If the hon. Gentleman looks at what I have said this afternoon, I think he will see that I have proven quite the opposite in acknowledging the multifaceted issues that led to the violence we saw the other week, not that that excuses or legitimises in any way the reprehensible behaviour we saw from some and the encouragement of young people, which I find particularly despicable. It is good to see, if I heard his question correctly, that he now fully supports us in ensuring that there are no borders. I therefore look forward to his support if we have to take further action and for any further action we take to deliver on that in the way we promised people in Northern Ireland: with a pragmatic and flexible approach to the Northern Ireland protocol.
Does my right hon. Friend agree that the Belfast/Good Friday agreement has brought untold benefits to Northern Ireland over the past 23 years and that it is therefore the Belfast/Good Friday agreement that must be the basis for future co-operation and political engagement?
Absolutely. We now see a vibrant, exciting economy. Whether it is FinTech, renewable energy, cyber, the creative arts or advanced engineering and manufacturing, wherever people go in Northern Ireland, they will see entrepreneurship and opportunity, which is a testament to the phenomenal success of the Belfast/Good Friday agreement. I want that to continue to live on. I am absolutely passionate about ensuring that we deliver on that for the people of Northern Ireland. We do so by respecting, delivering on and working with everything and every part of the Good Friday agreement.
May I convey my thoughts for those PSNI officers who have been injured in the last week? They serve our community valiantly and often become the casualty when politics does not work. I also commend the leadership shown by my colleagues in my constituency of Belfast East and community leaders who have ensured that our part of the city has remained calm.
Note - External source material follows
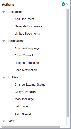 If you close a campaign by accident, you can trigger the Reopen Campaign action. This action changes the status on the campaign to a status type of CAMPAIGN_STATUS with a corresponding value of CAMPAIGN_IN_PROGRESS.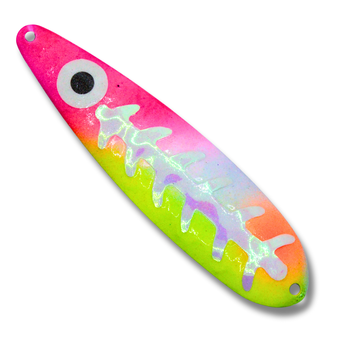 These high quality, lightweight trolling spoons are designed to elevate your fishing experience. They have an irresistible fluttering action that sets them apart. At TNT Fishing Lures we use only quality American made blanks, solid stainless heavy duty split rings, 2x strength treble hooks, high quality paints and a UV protective durable top coat.

The Secretary of State is right to caution against legitimising violence. It should not happen. Violence is wrong. But when we talk of dialogue, I hope he will agree that the serious issues that have been raised should not be ignored. I hope he will appreciate that there are still too many politicians in Northern Ireland who not only dismiss the concerns but denigrate those in our community who voice them. If we want to see politics work, and I do, and we want to see constitutional politics work, and it should, we need to see the tangible results of all the flexibilities and resolutions for the injurious imposition we are facing in Northern Ireland.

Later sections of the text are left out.